Speed Tests USB NXP RT1020 using CDC_VCOM_LITE and custom Windows program LogDue (30/11/2019)
I have modified the NXP example (usb_device_cdc_vcom_lite) for the RT1020 to test the USB throughput available using a virtual serial port (cdc_vcom). No driver is required under Windows 10 as the device enumerates as a serial port. The RT1020 transmits varying buffer sizes, using a bulk endpoint send routine. On the Windows side The program LogDue (excuse the name) opens the serial port and reads the transmitted data, displaying the throughput in bytes/s. You need to compile the program with the correct com port for your device in the main routine. Adjust to suit.
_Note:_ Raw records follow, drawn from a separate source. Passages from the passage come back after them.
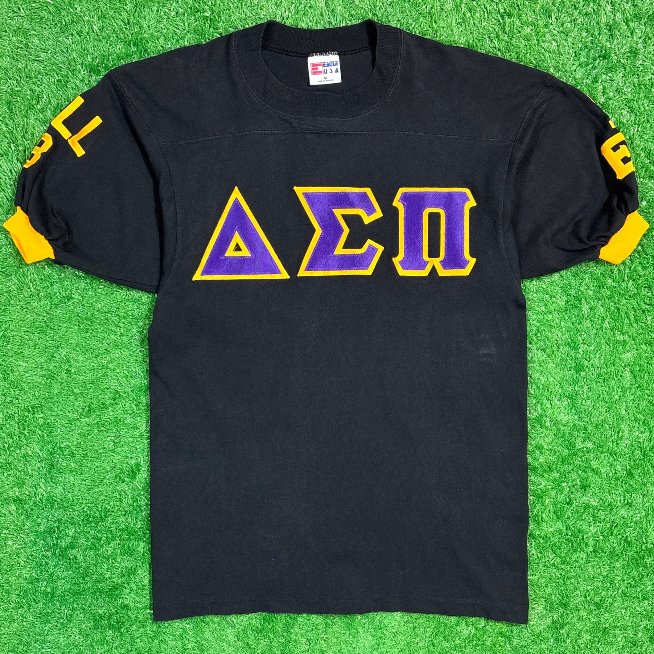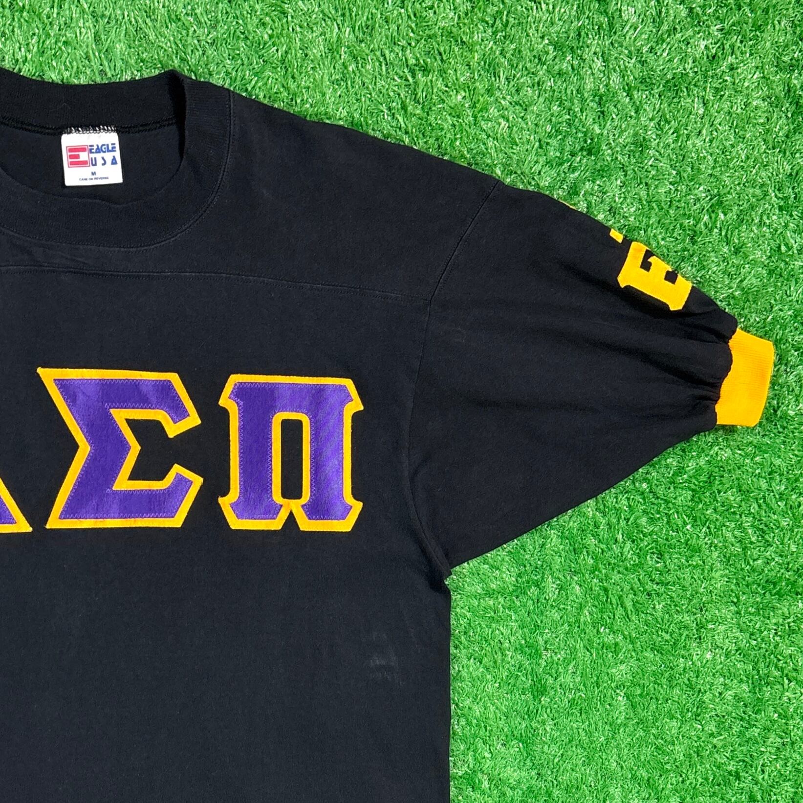 【Men's】 90s ΔΣΠ ギリシャ文字 フットボール Tシャツ / アメリカ製 USA製 ティーシャツ T-Shirts 90年代 フラタニティ ユニフォーム風 359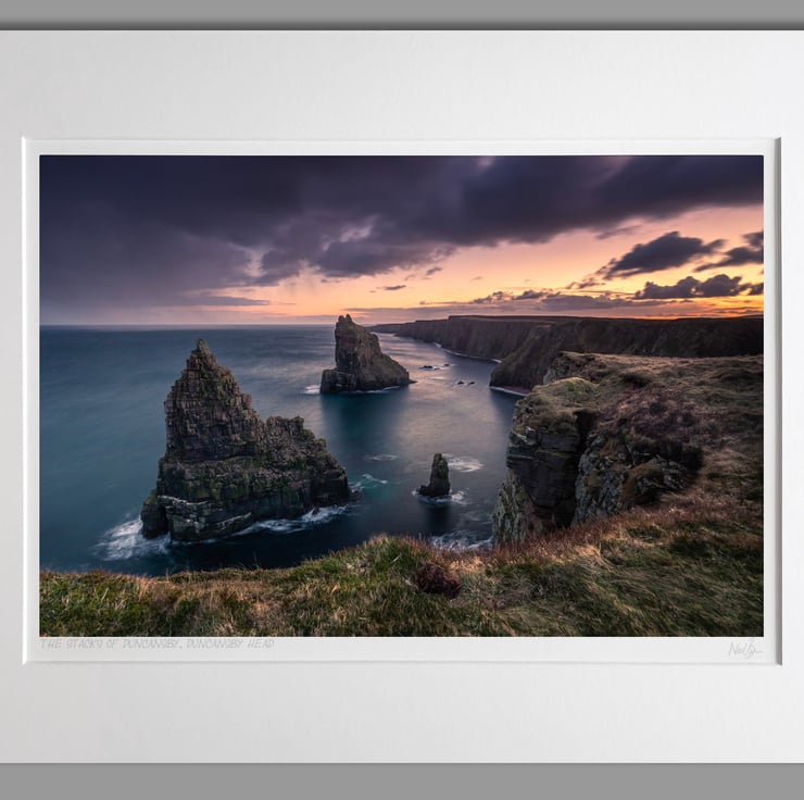 Image: "Stacks of Duncansby" - The Stacks of Duncansby, Duncansby Head at sunset, 1 February 2020 - by Scotland photographer Neil Barr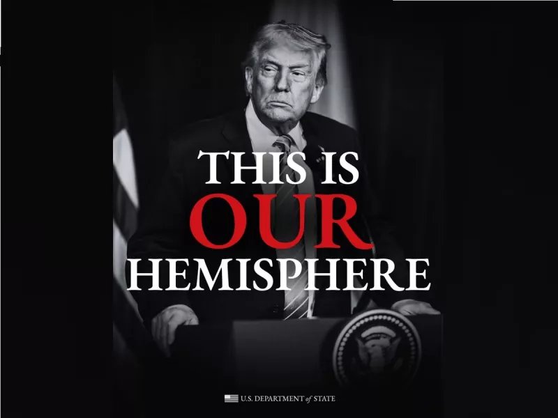 Συνεχίζοντας τα μηνύματα επίδειξης δύναμης, το Υπουργείο Εξωτερικών των ΗΠΑ ανάρτησε στα μέσα κοινωνικής δικτύωσης φωτογραφία του Ντόναλντ Τραμπ με τη φράση «Αυτό είναι το δικό μας ημισφαίριο».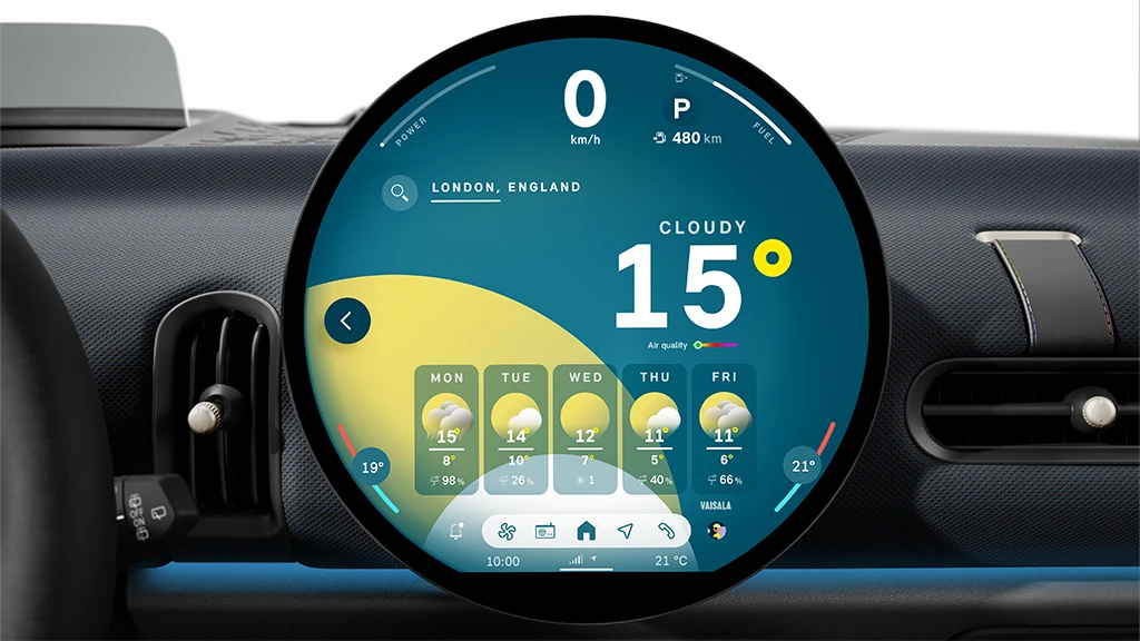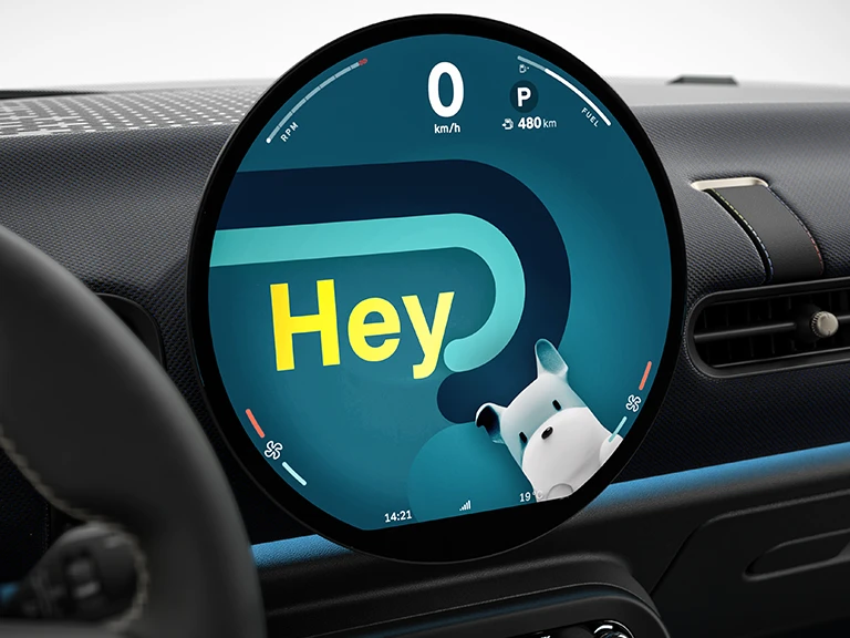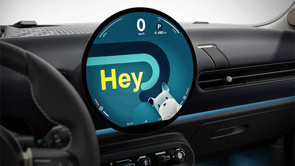 세계 최초의 원형 OLED 디스플레이를 만나보세요! 고품질 유리가 적용된 아이코닉한 240mm 중앙 디스플레이는 계기판, 온보드 인포테인먼트(onboard infotainment), 그리고 운전자를 지원하는 허브 역할까지 수행합니다.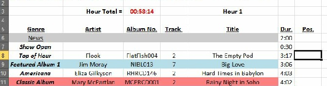 We provide the weekly playlist for you information, it allows you to accurately track the music we play and the results of your promotional activities. It also gives you guidance over the type of music we play, before you send us CD’s etc.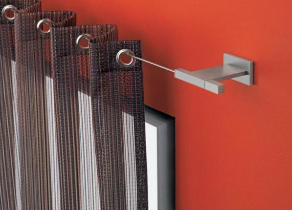 The basis of the string cornice design is a thin steel cable, similar to a guitar string. Such cornices are available for wall and ceiling. They are fastened using small brackets that resemble brackets, between which a cable is stretched. The length of the string in different models of cornices ranges from two to five meters. In this case, the string can be attached in one, two or even three rows. Curtains or curtains are attached to the string cornice using special clips or hooks.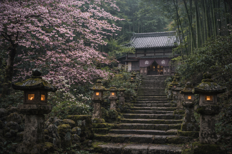 商用の客には大もみじの影の、くすんだ灯籠など気の付く人は稀だった。気がついたところで、庭に灯篭の一つや二つは当たり前でよく見もしない。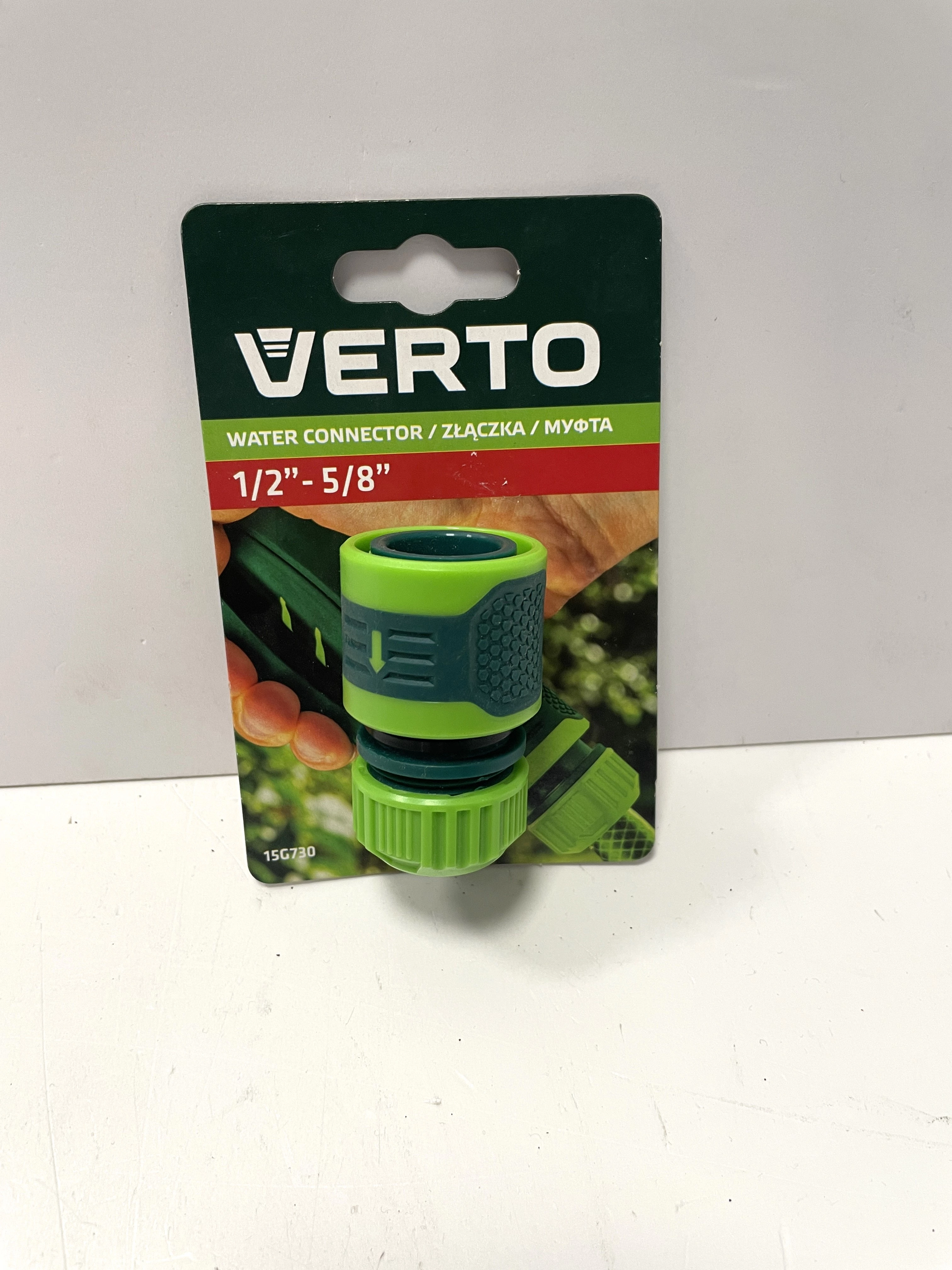 A Csatlakozó - Verto 1/2"- 5/8", kétkompenensű termék egy nagyon jó minőségű vízcsap csatlakozó, mely kiemelkedő műanyagokból készül így garantálva a hosszú élettartamot. Kialakítása hozzásegíti használóját, hogy egyértelmű legyen a felszerelése. Markolatát csuszásgátló gumival látták el, mely segíti a kényelmes alkalmazását. Cikkszáma: 15G730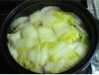 白菜开始出水的时候,将锅盖打开,用筷子向下压一压上面的菜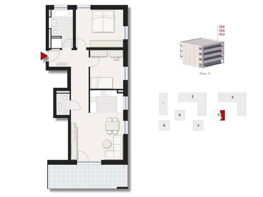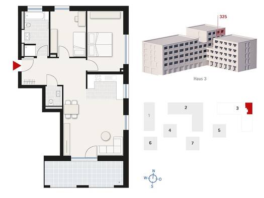 - Wohnflächen: Eigentumswohnungen haben typischerweise eine Größe von 65 - 95 m².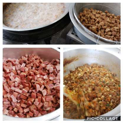 ・豚肉にしょうが汁、料理酒、こいくちしょうゆで下味をつけ、でんぷんをまぶして油であげます。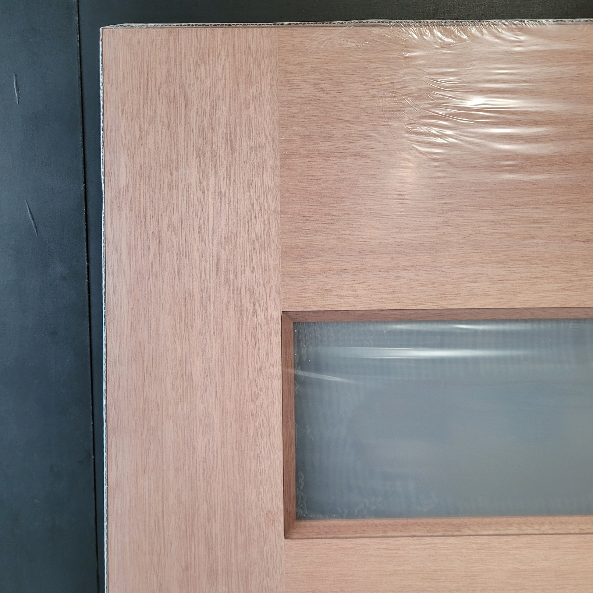 Timber Entry Door - 2040h x 820w Solid Core w/ 5 x Horizontal Obscure (Frosted) Glass *New* 40020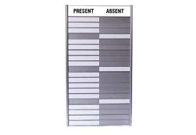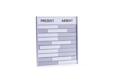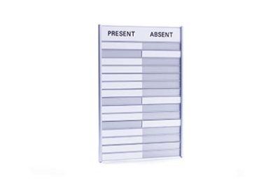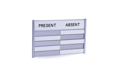 Present-Absent bord Wit-Zwart, een witte bord met zwarte tekst

I varied the DATA_BUFF_SIZE in Virtual_Com.h for the RT1020 and recorded the results below. I didn't realise that getting such througput for an embedded microprocessor USB could be that easy. The only modifications I made to the code are in the included: Virtual_Com.c and Virtual_Com.h. I hope you find this useful.
DATA_BUFF_SIZE is in Virtual_Com.h of the RT1020 program
1. DATA_BUFF_SIZE = 256, 5MBytes/s
2. DATA_BUFF_SIZE = 512, 10MBytes/s
3. DATA_BUFF_SIZE = 1024,16MBytes/s
4. DATA_BUFF_SIZE = 2048,26MBytes/s
With the LPC4370(LPC Link2 board) and the example: usbd_rom_libusb, and using ZaDig.exe to install the libusbk driver I was able to get 21MBytes/sec throughput. It involved downloading the Libusbk source code and compiling the application: kbench, in Visual studio. It was very straight forward, the only issue was installing the correct libusbk driver.
Thanks for your interest. I hope it is useful.
I am currently experimenting with the LPC4337 and LPC4370, because I need the fast I/O of these devices. With the RT1020/1010 the response between an interrupt on a GPIO pin to programatically changing an output on a GPIO pin is around 80ns. Max toggling frequency by programatically changing the GPIO state is around 10MHz. A bit slow for what I need, they also don't have the GPDMA of the LPC43xx parts.